The most successful work in the exhibition was the environment (considering the smaller room as a whole rather than as a collection of parts). This area was closed off by canvas sheeting except for two low, narrow openings. One entered at a crouch, humbled, and stepped onto Rafael Ferrer’s turf. Again there were overtones of childhood games and hiding places mingling with something more sinister—the artist as Puerto Rican gang leader. The room was lit only by variously colored small neon tubes in a number of separate pieces. Ferrer is masterful in his use of this gaudy, peculiar light. It contrasts dramatically with the hard, primitive silhouettes of the boats and beaded sculptures, suggesting flashy Latin nightlife and the jungle, side by side. The light was helpful in reducing the over-glitter of the bead, string, fabric and wire pieces, giving their contours more power and their details less, while extending their emotional range.
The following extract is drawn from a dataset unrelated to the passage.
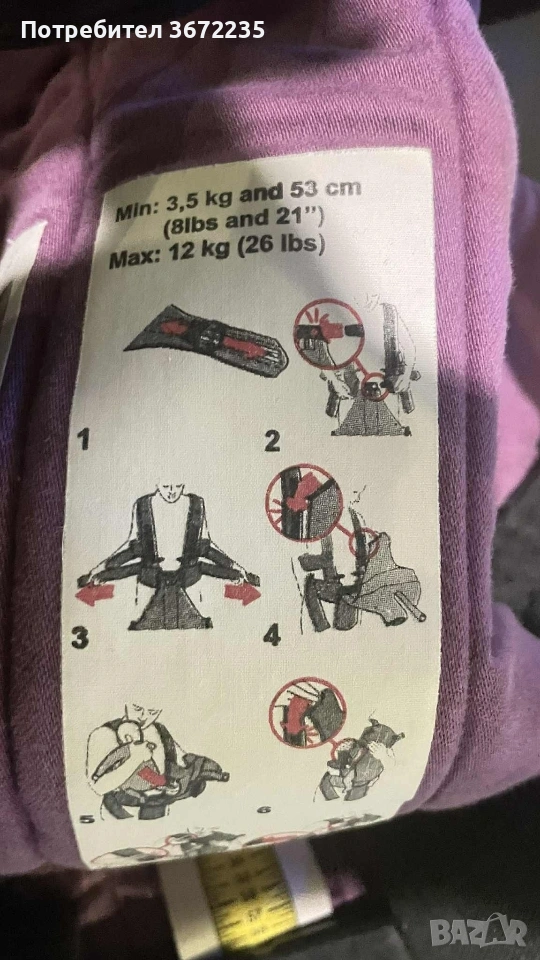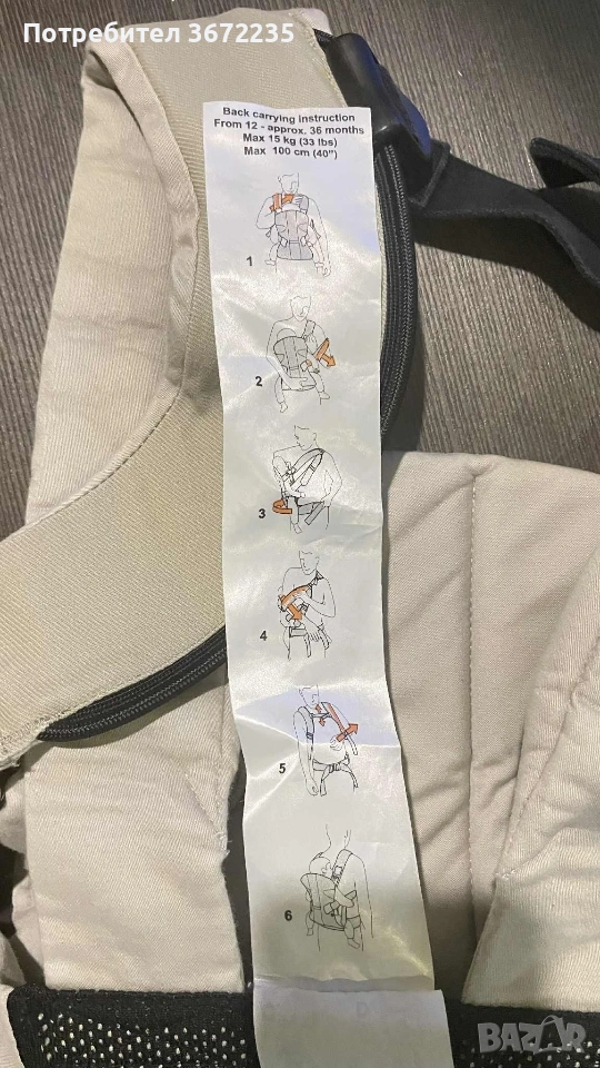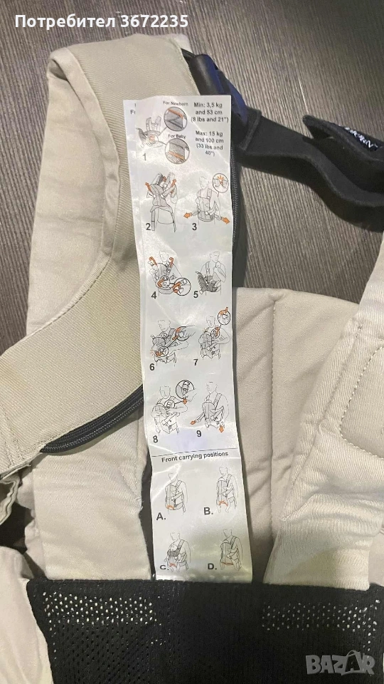 Ергономична раница и кенгуру - BabyBjorn Ергономична раница - 0-36 месеца, мин. 3.5 кг (53 см), макс 15 кг (100 см) - като чисто нова, без протрито или скъсано - 35€ Кенгуру - 0-12 месеца, мин. 3.5 кг (53 см) - макс 12 кг (85 см) - без протрито или скъсано, просто платът е леко изсветлял от пране. - 25€ Ако се закупят и двете - 50€

In the center of the room was a huge spray-painted banner announcing “el hielo” (ice). This banner, like Proust’s madeleine, triggered a multitude of simultaneous associations: ice pieces Ferrer has done at various times; bold, illegal subway graffiti; the gypsies and their ice in One Hundred Years of Solitude (a novel in many ways the most helpful guide to Ferrer’s sensibility): a statement, perhaps, of the artist’s altered esthetic, from real ice to a kind of painting using the word “ice”—a change of venue from Marcel Duchamp to Joan Miró. And on a high perch within a tall hanging sculpture, presiding over the room, was a moth eaten, stuffed American eagle looking very vulturelike. It was a vastly more effective political gesture than all the recent bombings and proclamations of Puerto Rican nationalist groups.
Ferrer shares many concerns with Lucas Samaras, yet the strength of one is the unsteady area of the other. Both are autobiographical, highly idiosyncratic, anticlassical artists, yet each operates best on a different scale from the other. Above all, each draws his emotional fuel from an opposite source; Samaras is self-consciously intellectual and narcissistic, even neurasthenic; Ferrer is deliberately primitive, tough, and direct. I like them both.